Documents as collections

[
    {
        "_id": ObjectID("1298798e198291"),
        "username": "bruce@wayne.com",
        "password": "kasjdl123k1092sad123wdadakjhdka12o31",
        "accounts": [
            { "type": "openid"},
            { "type": "oauth2" }
        ]
    },

    {
        "_id": ObjectID("1298asd1238sad"),
        "username": "robin@wayne.com",
        "password": "aslkdjpo2eposdopo122weopqsdioqwe1231"
    }
]

Documents are schema-less

Data types

  • String
  • Double
  • Object
  • Array
  • ObjectId
  • Boolean
  • Date
  • Null
  • RegEx
  • Timestamp

src: BSON Types

Shell Basics

Schema Design in MongoDB

Make sure your use case is fit for MongoDB

Organize data how you want to access it

  • One-to-Few
  • One-to-Many
  • One-to-Squillions

MongoDB Rules

One-to-Few

// person
{
  name: "Keon Kim",
  hometown: "Seoul",
  addresses: [
    { city: 'Manhattan', state: 'NY', cc: 'USA' },
    { city: 'Jersey City', state: 'NJ', cc: 'USA' }
  ]
}

All information in one query

It is impossible to search the contained entity (addresses) independently

One-to-Many

{
  _id: ObjectID('AAAA'),
  partno: '123-aff-456',
  name: 'Awesometel 100Ghz CPU',
  qty: 102,
  cost: 1.21,
  price: 3.99
}
// products
{
  name: 'Weird Computer WC-3020',
  manufacturer: 'Haruair Eng.',
  catalog_number: 1234,
  parts: [
    ObjectID('AAAA'),
    ObjectID('DEFO'),
    ObjectID('EJFW')
  ]
}

It is easy to handle insert, delete on each documents independently

It has flexibility for implementing N-to-N relationship because it is an application level join

Performance drops as you call documents multiple times.


> product = db.products
    .findOne({catalog_number: 1234});

db.parts.find({
    _id: { $in : product.parts }}
).toArray() ;

One-to-Squillions

// host
{
  _id : ObjectID('AAAB'),
  name : 'goofy.example.com',
  ipaddr : '127.66.66.66'
}
// logmsg
{
  time : ISODate("2015-09-02T09:10:09.032Z"),
  message : 'cpu is on fire!',
  host: ObjectID('AAAB')
}

Scales up with the 16MB per document limit


> host = db.hosts
    .findOne({ipaddr : '127.66.66.66'});

> db.logmsg.find({host: host._id})
    .sort({time : -1})
    .limit(5000)
    .toArray()

Two-Way Referencing

// person
{
  _id: ObjectID("AAF1"),
  name: "Koala",
  // reference task document
  tasks [
    ObjectID("ADF9"),
    ObjectID("AE02"),
    ObjectID("AE73")
  ]
}
// tasks
{
  _id: ObjectID("ADF9"),
  description: "Practice Jiu-jitsu",
  due_date:  ISODate("2015-10-01"),
  // reference person document
  owner: ObjectID("AAF1")
}

It is easy to search on both Person and Task documents

It requires two separate queries to update an item.
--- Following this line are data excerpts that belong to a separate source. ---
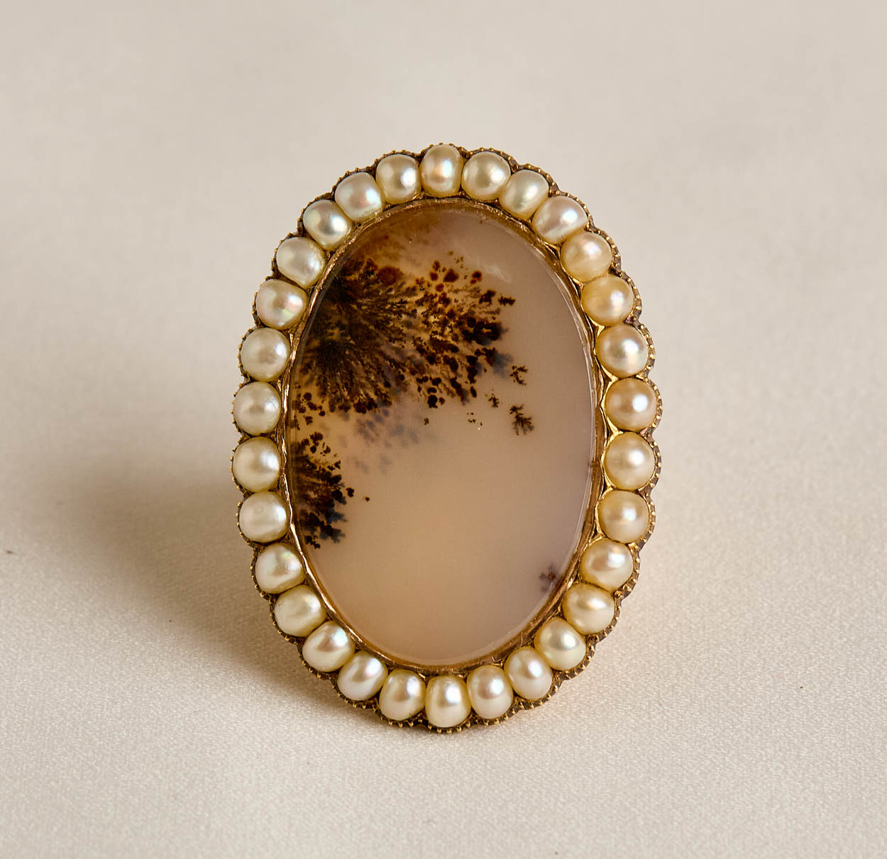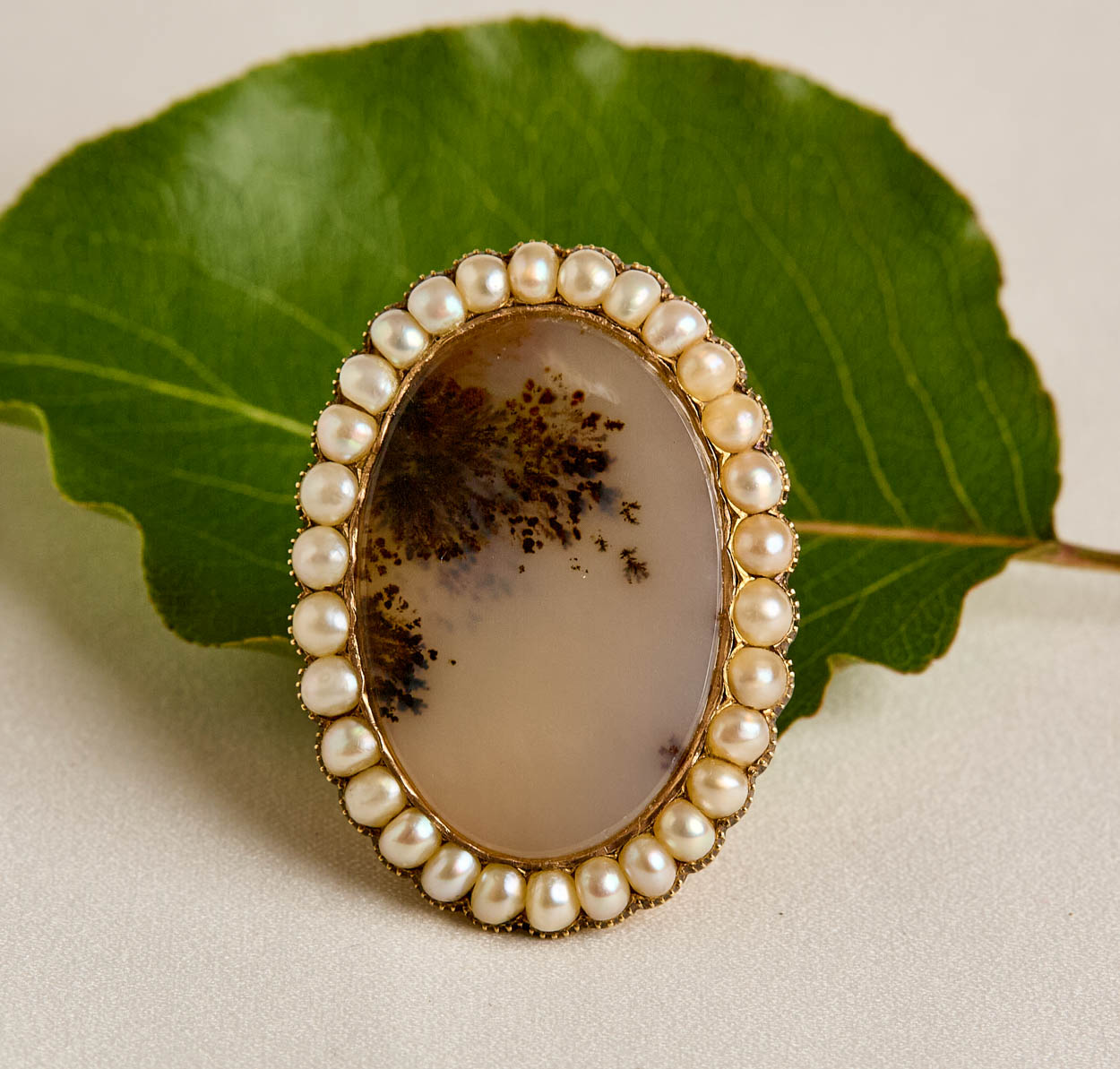 This massive Victorian dendritic agate ring is surrounded by natural pearls and set in 14K gold. It truly enormous!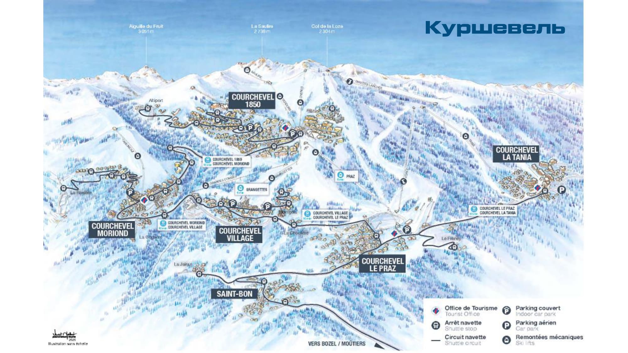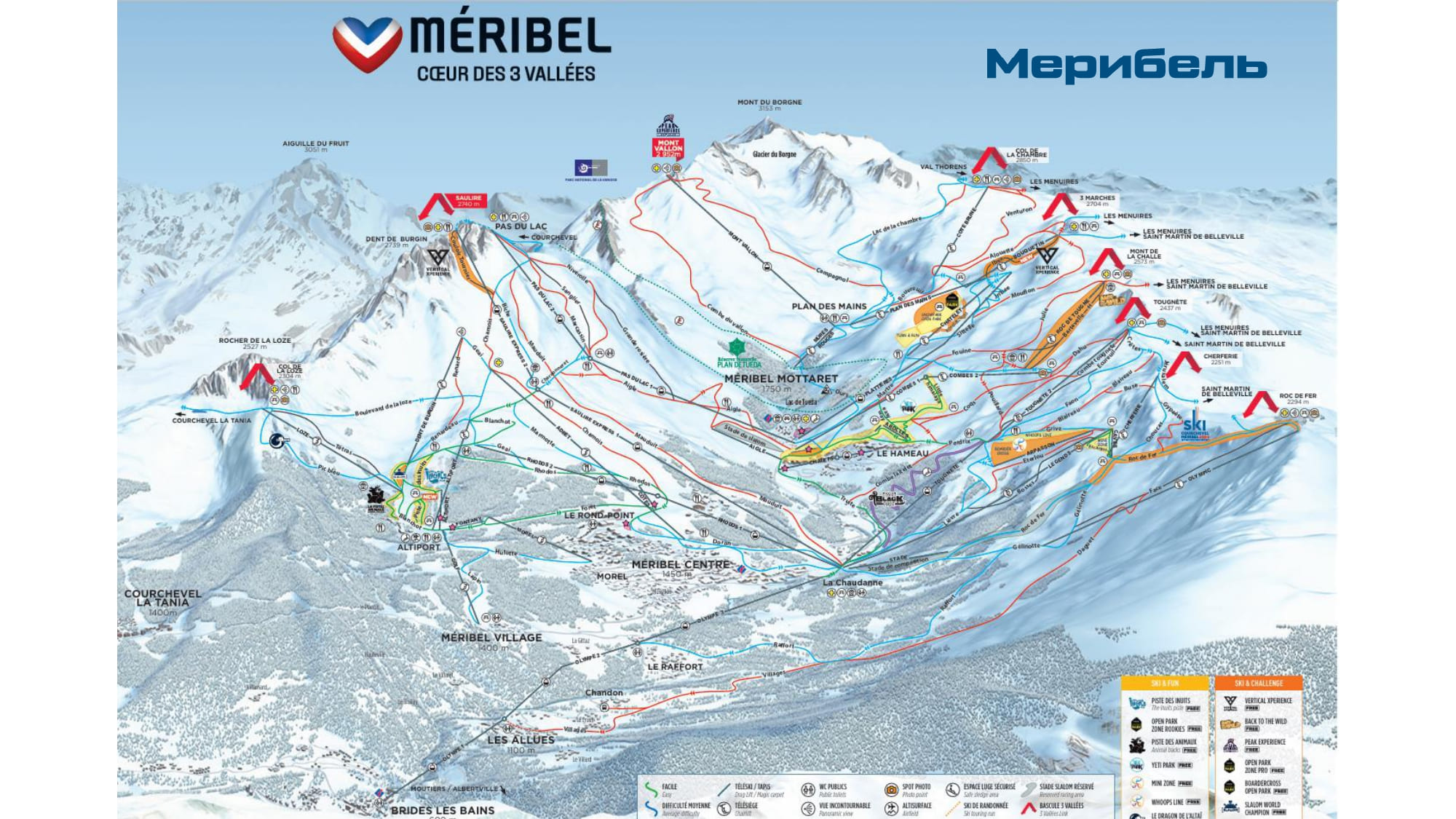 Куршевель — самый известный горнолыжный курорт Франции.На карте Куршевель представлено несколько станций: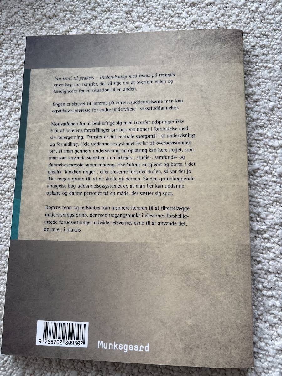 "Fra teori til praksis" af Vibe Aarkrog er en praktisk og anvendelsesorienteret bog, der sætter fokus på, hvordan teori kan omsættes til praksis. Gennem en grundig introduktion til konceptet transfer – evnen til at overføre viden og færdigheder fra et område til et andet – giver bogen både teoretiske indsigter og konkrete redskaber, som kan anvendes til at tilrettelægge undervisningsforløb med udgangspunkt i den enkelte elevs forudsætninger. Bogen retter sig primært mod undervisere på erhvervsuddannelserne, der ønsker at støtte eleverne i at navigere overgangen fra skolens læring til den praktiske virkelighed. Med sine 144 sider tilbyder "Fra teori til praksis" en overskuelig og målrettet tilgang, der hjælper både lærere og elever med at balancere mellem teoretiske koncepter og den praktiske udførelse.

The update is not atomic.

Many-to-One Denormalization

// products - before
{
  name: 'Weird Computer WC-3020',
  manufacturer: 'Haruair Eng.',
  catalog_number: 1234,
  parts: [
    ObjectID('AAAA'),
    ObjectID('DEFO'),
    ObjectID('EJFW')
  ]
}
// products - after
{
  name: 'Weird Computer WC-3020',
  manufacturer: 'Haruair Eng.',
  catalog_number: 1234,
  parts: [ // denormalization
    { id: ObjectID('AAAA'), name: 'Awesometel 100Ghz CPU' },
    { id: ObjectID('DEFO'), name: 'AwesomeSize 100TB SSD' },
    { id: ObjectID('EJFW'), name: 'Magical Mouse' }
  ]
}

It is not a good choice when updates are frequent

When you want to update the part name, you have to update all names contained inside product document

Denormalization reduces the cost of calling the data.
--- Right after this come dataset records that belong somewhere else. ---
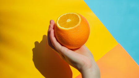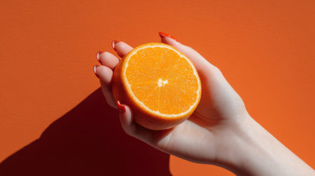 Female hand holding half orange against vibrant orange background.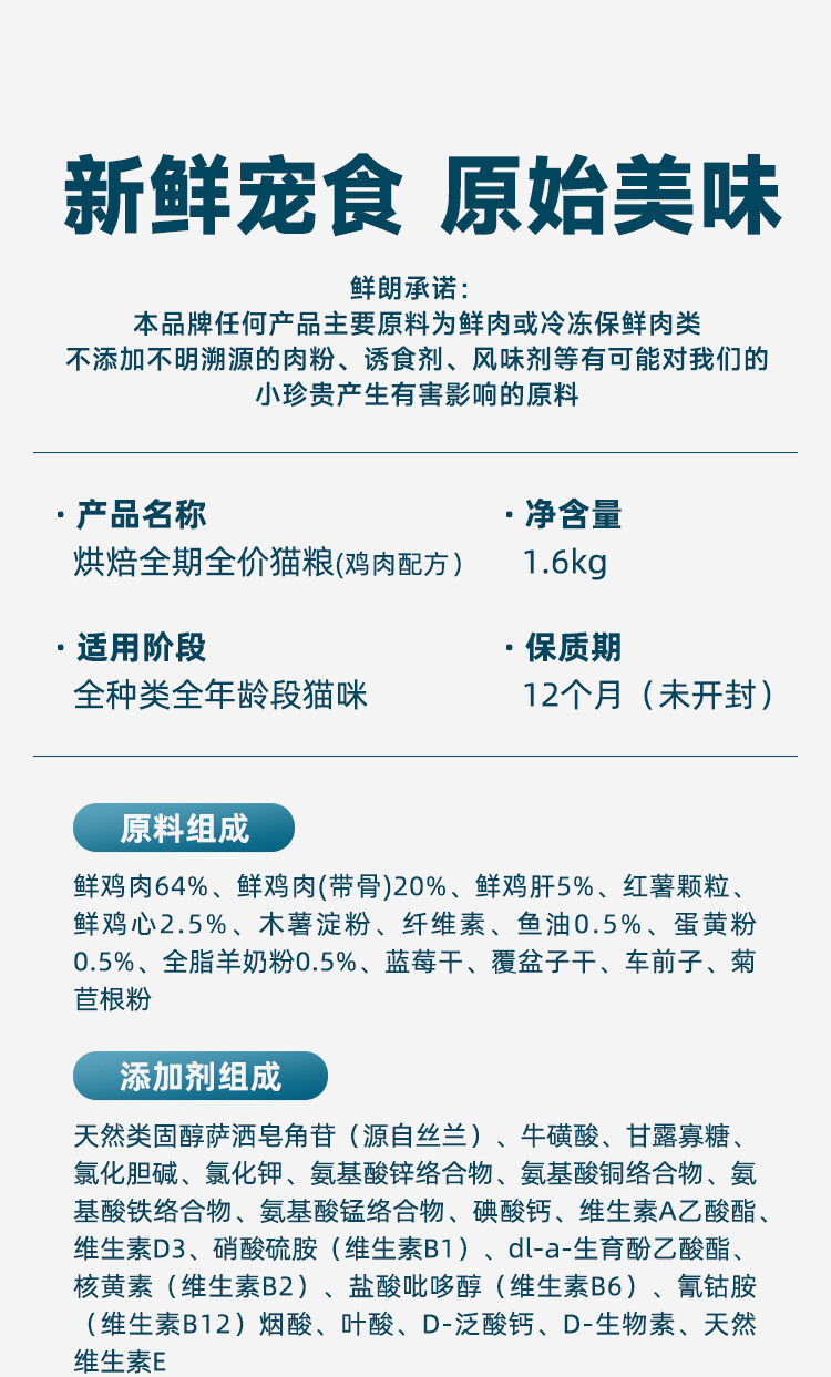 鲜朗 烘焙全价全期猫粮 鸡肉口味50g/400g/1.6kg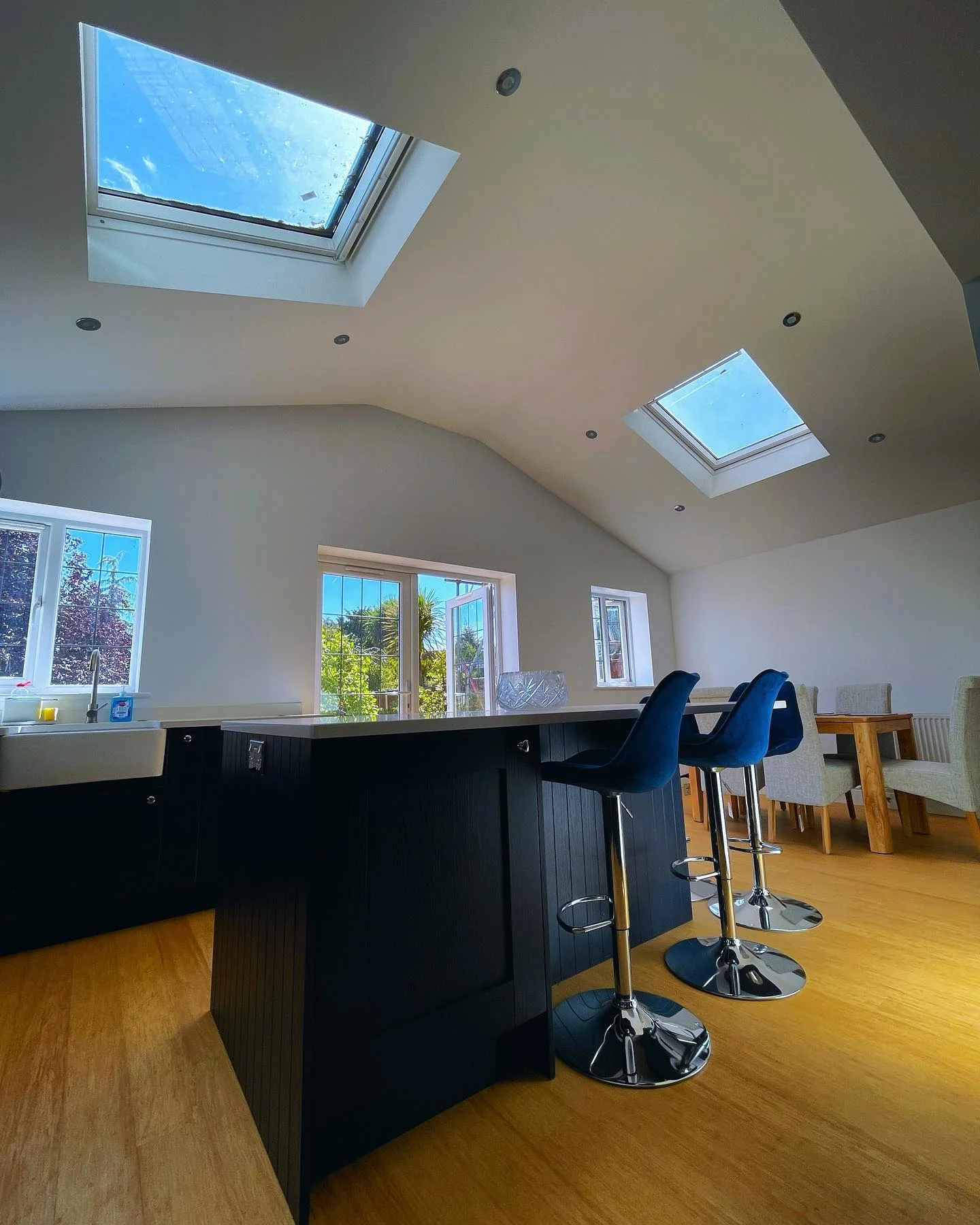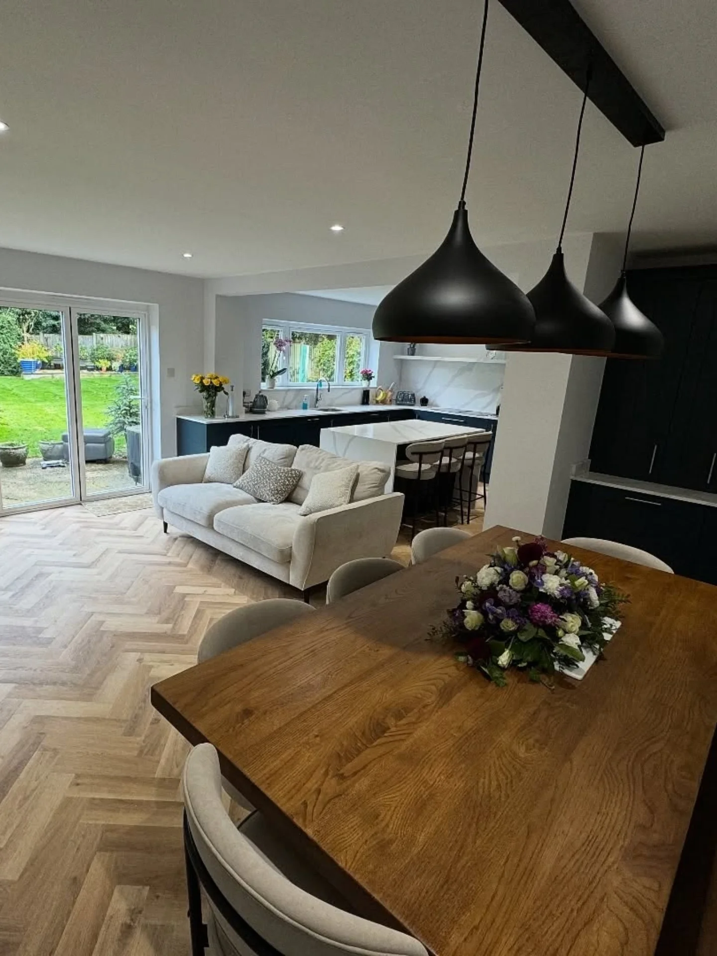 Our team took this tired kitchen/diner into an amazing open plan liveable space. We took the lower part of the chimney out which ran through the middle of the house, internal supporting walls and supported them all with an extensive steel structure. Our sister company Method Kitchens supplied and installed the kitchen plus we took care of all the finishings.

One-to-Many Denormalization

// parts - before
{
  _id: ObjectID('AAAA'),
  partno: '123-aff-456',
  name: 'Awesometel 100Ghz CPU',
  qty: 102,
  cost: 1.21,
  price: 3.99
}
// parts - after
{
  _id: ObjectID('AAAA'),
  partno: '123-aff-456',
  name: 'Awesometel 100Ghz CPU',
  // denormalization
  product_name: 'Weird Computer WC-3020',
  // denormalization
  product_catalog_number: 1234,
  qty: 102,
  cost: 1.21,
  price: 3.99
}

It is not a good choice when updates are frequent

When you want to update the part name, you have to update all names contained inside product document

Denormalization reduces the cost of calling the data.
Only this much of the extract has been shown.